Wednesday, May 1, 2019

The Problem With Nudging People to Happiness

Cass Sunstein's latest book puts a lot of faith in the efficacy of government to structure our choices.

By Randy Barnett. Excerpt:
"Sunstein effectively challenges us to consider how individuals can be made better off, by their own lights, not by coercing them in ways that violate their rights but by structuring their environment in ways that lead them to make the choices that will end up pleasing them the most. His approach builds on the insight that most decisions are already structured by the ways that options are presented to us. From grocery store layouts with end-cap specials to websites featuring seductive links and advertisements, we are constantly and inevitably being nudged in a thousand different directions. We're free to resist these nudges, but we usually do not. So, Sunstein proposes, we might as well think about how best to nudge people to make good choices.

One revealing example he offers is the "food pyramid" designed by the federal Department of Agriculture (USDA). The idea was to nudge people to exercise their freedom to make healthier dietary choices, with the assistance of (mandatory) nutritional information on all packaged foodstuffs. Here is the pyramid as it appears in the book:

According to Sunstein, the problem with this pyramid is that it "is organized by five stripes. (Or is it seven?) What do they connote? At the bottom, you can see a lot of different foods. But it's a mess. Some of the foods appear to fall into several categories. Are some grains or vegetables?" For Sunstein, the obvious problem is that people "are unlikely to change their behavior if they do not know what to do." Thus, the government "consulted with a wide range of experts, with backgrounds in both nutrition and communication, to explore what kind of icon might be better." In 2011, they came up with this:
U.S. Department of Agriculture
The plate "doesn't require anyone to do anything," Sunstein says. Instead, "it makes clear that if half your plate is fruits and vegetables, you'll be doing well, and if the rest of your plate is divided between rice and meat (or some other protein), you're likely to be having a healthy meal." What could go wrong?
But Sunstein starts his story in the middle, with the "new" food pyramid that was introduced in 2005. He neglects the original, promulgated by the USDA in 1992:
U.S. Department of Agriculture
That pyramid recommended seven servings of good old carbs such as bread, pasta, and potatoes for every three servings of protein. It lumped fats, oils, and salts together with sugars. (The latter, we now know, is made by your body from all the bread and pasta you're eating.) Unsurprisingly, because it was issued by a government agency, the content was heavily influenced by food industry groups. Many nutritionists now blame it for fattening Americans like cattle, leading to chronic obesity, diabetes, and possibly even an explosion of dementia. Oops.

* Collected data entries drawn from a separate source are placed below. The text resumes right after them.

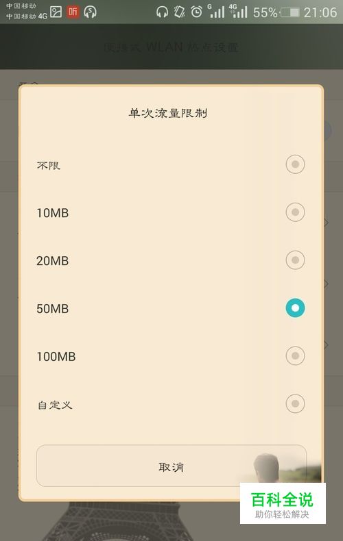 单击便携式WLAN热点进入,选择 单次流量限制,,看看自己设置的流量上限是多少,我们设置为 不限。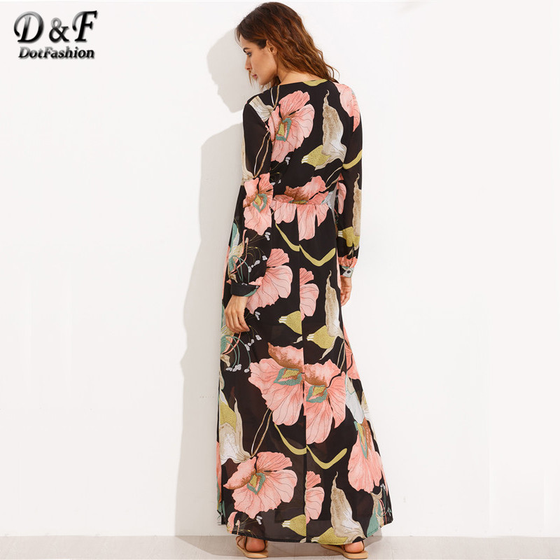 Dotfashion Summer Beach Maxi Dresses Long Elegant Boho Wear Multicolor Floral Print V Neck Split Side Long Sleeve Maxi Dress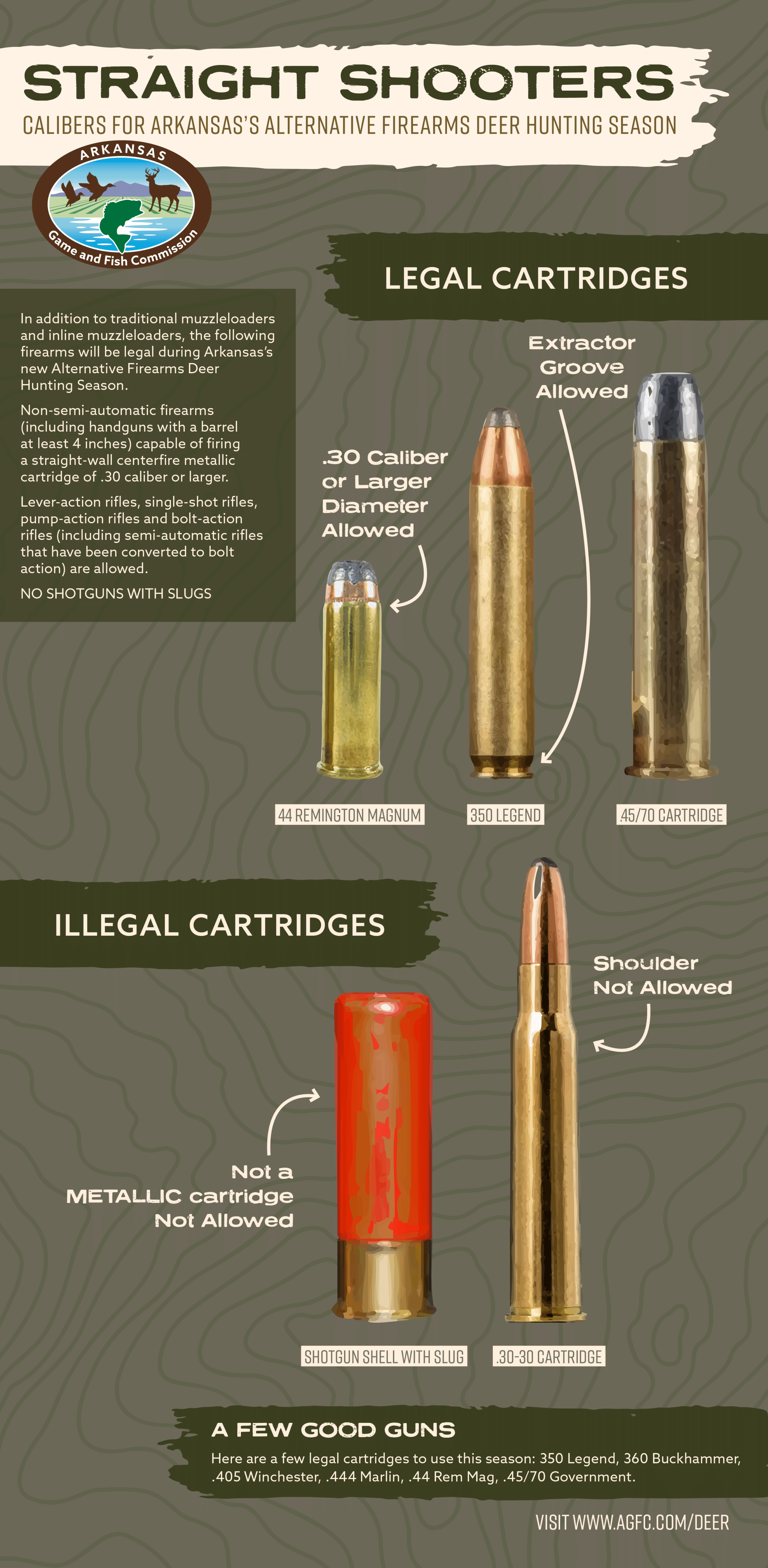NOTE: The AGFC has approved for modern gun deer season the use of large-bore air rifles that meet certain standards. The large-bore air rifle must be at least .40-caliber, shoot a single, expandable slug, produce at least 400 feet/pounds of energy at the muzzle, and be charged from an external tank. Large-bore air rifles are not legal for harvesting bear or elk.

Of course, the new high-protein, low-carb recommendations might be as wrong as the old low-fat, high-carb diets. But let's say, for the sake of argument, that the new diet is right. (I'm now 30 pounds lighter because of it.) If so, generations of Americans—and the whole food industry—were "nudged" astray for decades to the detriment of their health.

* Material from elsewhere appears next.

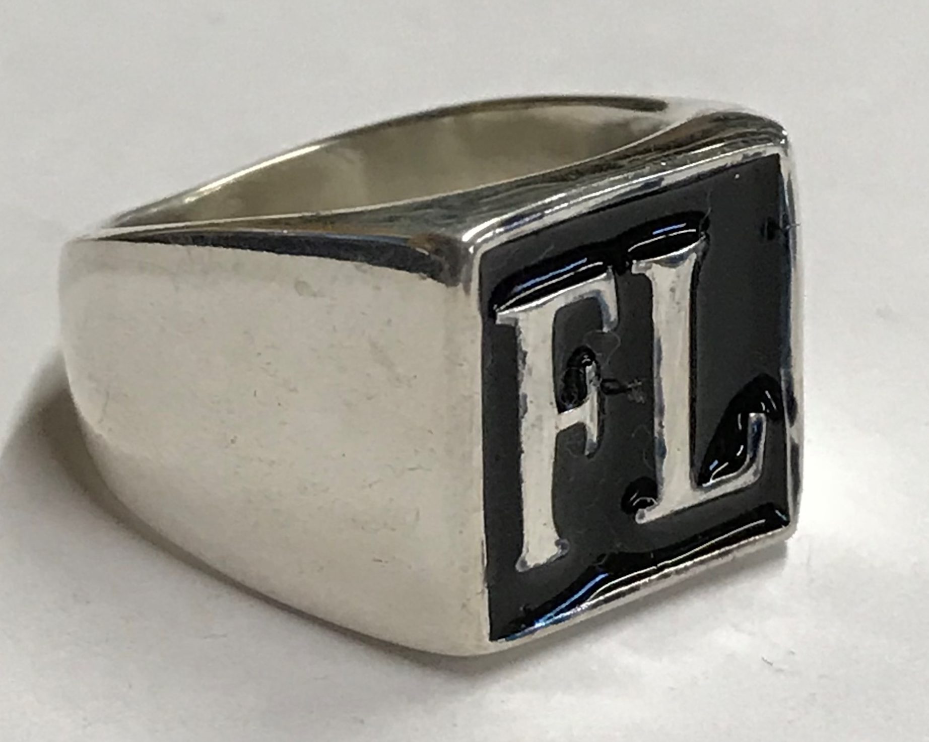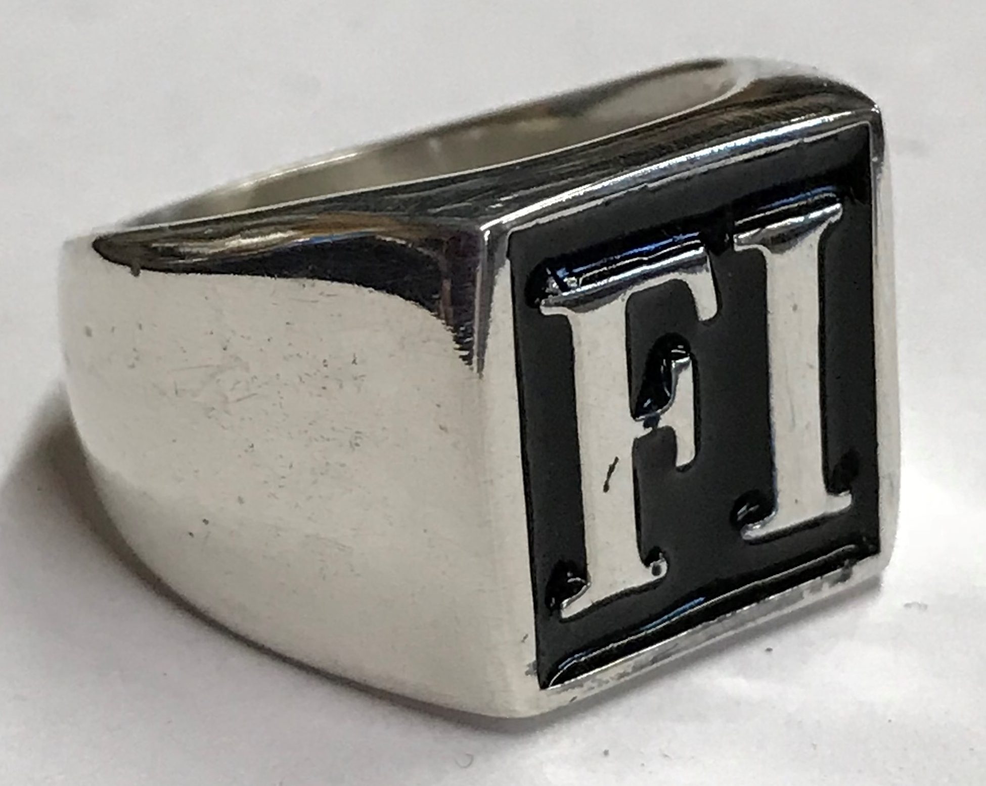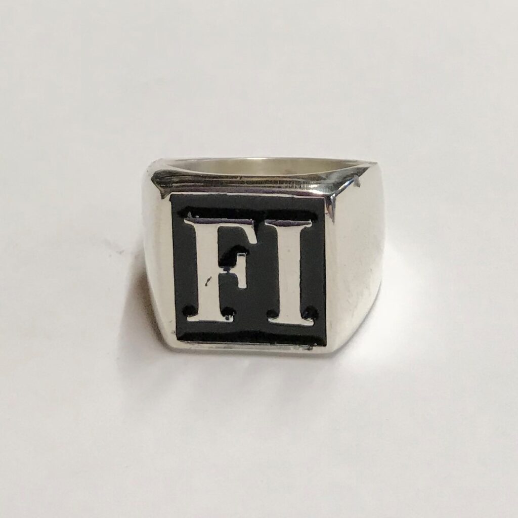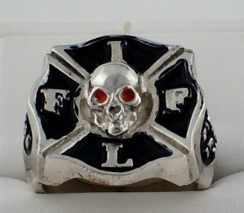 FI11 Sterling Men’s Fire and Iron Round Enameled Ring.
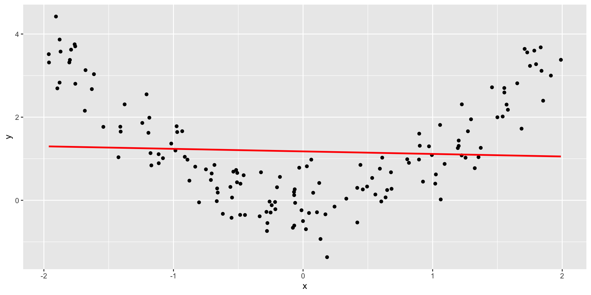 x =runif(n =150, min =-2, max =2)y = x^2+rnorm(n =150, sd = .5)data =data.frame(x,y)

What, Sunstein would respond, is the alternative? If choices are to be made, should they not be made with the best information currently at hand?

One obvious option is not to let a bigfoot like the Department of Agriculture do the nudging. Another would be to have more respect for spontaneous order, which in this case was the traditional American diet of meats, cheeses, and a side of veggies. Instead, we were urged toward a diet of partially hydrogenated fats as an alternative to supposedly unhealthy butter—"trans" fats that later were banned entirely.

"Let the market decide" is not necessarily a recipe for correct answers. But a decentralized order of freedom within the boundaries of our legally protected rights allows a diversity of choices from which better results can emerge "as if by an invisible hand." Knowledge can evolve instead of being stipulated by a Leviathan. Labeling is fine; consumers cannot identify for themselves what's put into processed food. But food recommendations—nudging—by enlightened experts empaneled by the government has been as likely to be wrong as to be right.

When I was a research fellow at the University of Chicago Law School, my office was next to Sunstein's, who was then in his first year of teaching. We became good friends. During one of our many conversations, I recall him asking what I would say if one of the greatest thinkers of the 20th century turned out to be Jürgen Habermas and not Friedrich Hayek.

Since then, Sunstein has become a bigger fan of Hayek. In this book, he quotes the Austrian economist as saying that "the awareness of our irremediable ignorance of most of what is known to somebody [who is the chooser] is the chief basis of the argument for liberty." And yet, Sunstein asks, "Might people's freedom of choice fail to promote their own well-being" from the perspective of their own desires? "Every member of the human species knows that the answer is sometimes yes." So he proposes nudging people to make the choices that will better achieve their own goals.

I would like to see him seriously confront the problem of knowing how to nudge people to get what they want. He might then consider whether government experts, panels, and boards will always have the interests of the people, rather than those of powerful interest groups, in mind. On Freedom is a stimulating read that should nudge libertarians to stop and think harder about nudging. But it could use a little more Hayek and a little less Big Mother."